Personal information
- Date of birth: 17 August 1968 (age 57)
- Place of birth: London, England
- Position(s): Midfielder, striker

Senior career*
- Years: Team / Apps / (Gls)
- 1990–1991: Barnet
- 1991–1995: Crystal Palace / 0 / (0)
- 1995–1996: Golden
- 1996–1997: Eastern
- 1997–1998: Gent
- 1998: FC Hoogstraten
- 1998–2001: Harrow Borough
- 2001: Hendon

International career
- 2000: Grenada / 2 / (0)

= Otis Roberts =

Association football player (born 1968)

Otis Roberts (born 17 August 1968) is a former professional footballer who played as a midfielder or striker. Born in England, he made two appearances for Grenada national team.

==Club career==
Roberts played for Barnet during the 1990–91 season.

Roberts played for Crystal Palace from the 1991–92 season, although he never made a first-team league appearance for the club.
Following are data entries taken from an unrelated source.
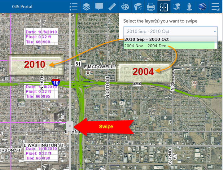 You can now Swipe between the 2016 Imagery on the left and the 2010 Imagery on the right.
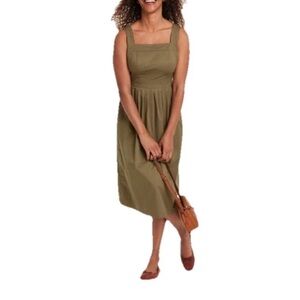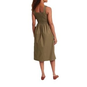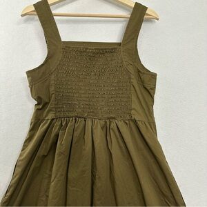 Knox Rose Milkmaid Midi Dress Womens Medium Olive Green Pockets Smocked Fall
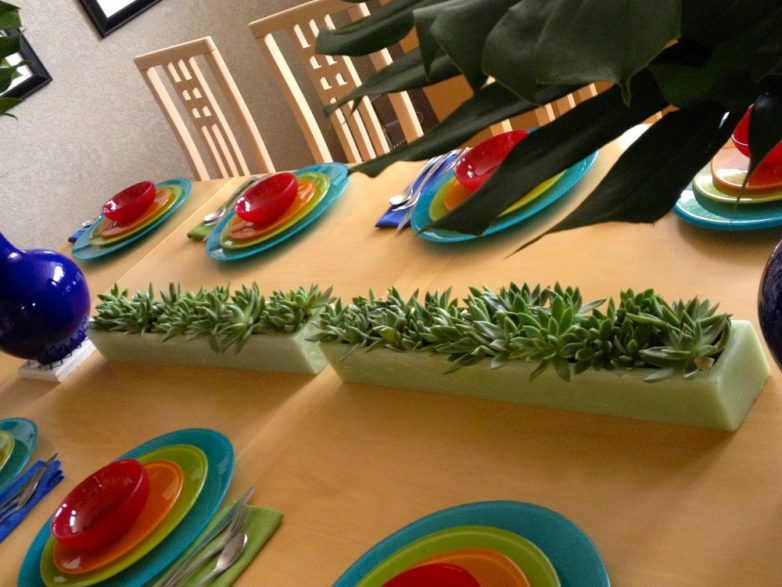 Настольные композиции из суккулентов или невысоких цветов здорово освежают обеденный стол. Более яркие растения и пышные цветы, расположенные в одну линию по центру, придутся кстати для торжественного ужина.

In August 1996, he began a trial with Norwich City, although that proved unsuccessful. He later played in Hong Kong for Golden and Eastern, and in Belgium for Gent and FC Hoogstraten. He returned to England in 1998 to play for Harrow Borough and Hendon.

==International career==
Roberts has international caps for Grenada. He made two appearances in 2000.

==Personal life==
His nephew is fellow footballer Jason Roberts.

==After football==
Roberts has been a football agent, representing players such as Zesh Rehman. He also runs his nephew Jason Roberts's charitable foundation.